Каждое утро я проверял почтовый ящик в коридоре; ее ячейка – «H» – удобно помещалась близ моей, «J». Их разделяла лишь пустая «I». Илдико не появлялась; ее папка и карточка участницы, билетик на экскурсию и приглашение с золотым обрезом на прощальный ужин – маленькие знаки внимания, которые нам любезно оказывают на таких мероприятиях, – остались не востребованы. Не было ее, конечно, и на выступлении вашего покорного слуги, которое, по правде говоря, прошло весьма удачно и собрало хоть небольшую, но довольно заинтересованную аудиторию. Оно доставило мне самому большое удовольствие. Как я уже сказал, я человек вербальный, а не визуальный. Криминале в Шлоссбурге был совершенно прав насчет того, что маленький мерцающий экран никоим образом не может выразить плод деятельности ума. А вот слова – до некоторой степени, – возможно, могут. Я не ученый, и, конечно, знал я его не настолько хорошо. Читал его я фрагментарно, видел мимолетно, и я не был теоретиком литературы. Далеко не все мне было ясно, но мне было что сказать.
Что я говорил? Я ни слова не сказал, как мог бы год назад, ни про его таинственность, ни про его обманы или же предательства. Говорил я о его творчестве – о великолепной прозе, прежде всего о «Бездомье», о замечательной драматургии, о продуманнейших философских построениях. Благодаря своим поездкам я узнал полезные слова (такие, как Фуко и Деррида, Хоркхаймер и Хабермас), открывающие путь к суровым академическим сердцам. Я указал на историческое место Криминале, охарактеризовав его не как философа периода холодной войны и атомного шпионажа, а как мыслителя времен теории хаоса и видео, рок-музыки и «Сони уокмен». Я говорил о нем на самом деле как о Выдающемся Мыслителе Эпохи Гласности. Никто лучше его не выразил, заметил я, проблемы современного мышления, никто так не сумел сказать о гибели субъекта и о кризисе письма, о самоуничтожении и почти безмолвии постгуманистической эпохи (в академических аудиториях всегда воспринимают этот жребий как вполне естественный). Я говорил о том, что Криминале свойствен был незаурядный дар иронии, своеобразный мостик для преодоления противоречий и той пустоты, которую оставил всем нам мир. Я намекнул (но лишь туманно), как еще на одну из форм иронии, на то, что его собственное «я» не слишком цельно – голова в небесах, ноги в грязи, – и на разрыв между мышлением и исторической необходимостью; подобная ирония, сказал я, часто поражает нас у модернистов и постмодернистов.

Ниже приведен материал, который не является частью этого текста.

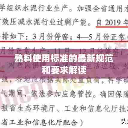 熟料作为工业生产中的重要原料,其使用标准的规范与要求对于保障产品质量、推动工业发展具有重要意义,生产企业应严格按照最新规范要求进行生产和管理,确保熟料的质量稳定可靠,相关部门也应加强监管力度,推动熟料使用标准的全面实施。
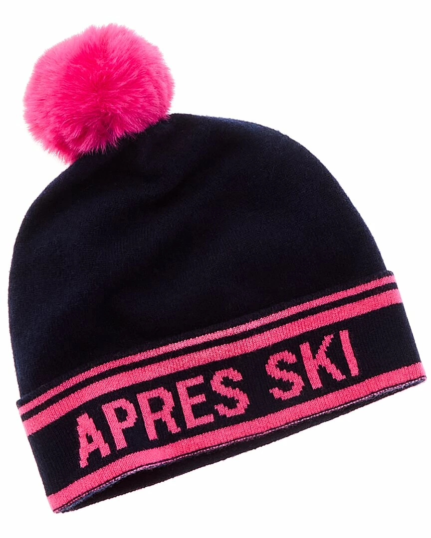 - Apres Ski Pom Hat in navy multicolor with removable faux fur pom

Когда потом я, собрав свои бумаги, вышел из сумрачного зала, ко мне подошла темноволосая, небольшого роста женщина и робко предложила выпить вместе кофе из пластиковых чашечек. Я поглядел на ее грудь, как делается в мире конференций, и из карточки узнал, что передо мной профессор Людмила Маркова из Велико-Тырнова, Болгария. Собственное имя – места, а не дамы – заставило меня тотчас же согласиться. Дама увела меня в какое-то гораздо более веселенькое, выдержанное в постмодернистском духе здание, откуда открывалась недурная панорама, и мы расположились с ней в кофейне под зеленой сенью. «Да, вы прочли очень неплохую лекцию, на мой взгляд, вполне деконструктивную, – сказала мне мисс Маркова. – Беда только, что ничего-то вы не понимаете». «Очень может быть, – ответил я. – Я вижу, что вы из Велико-Тырнова, его родного города. Вы его знали?» «Мне слишком мало лет для этого, – отрезала мисс Маркова, – но вы правы, он действительно родился там, в семье металлиста, во времена террора». «Его помнят там?» «Не очень хорошо, – ответила мисс Маркова. – Его отец поддерживал нацистов и был после войны расстрелян как фашист. После этого семья жила не слишком счастливо. Мать заплатила, чтоб он смог поехать в Будапешт и жить там по-другому. Я думаю, что больше он не возвращался».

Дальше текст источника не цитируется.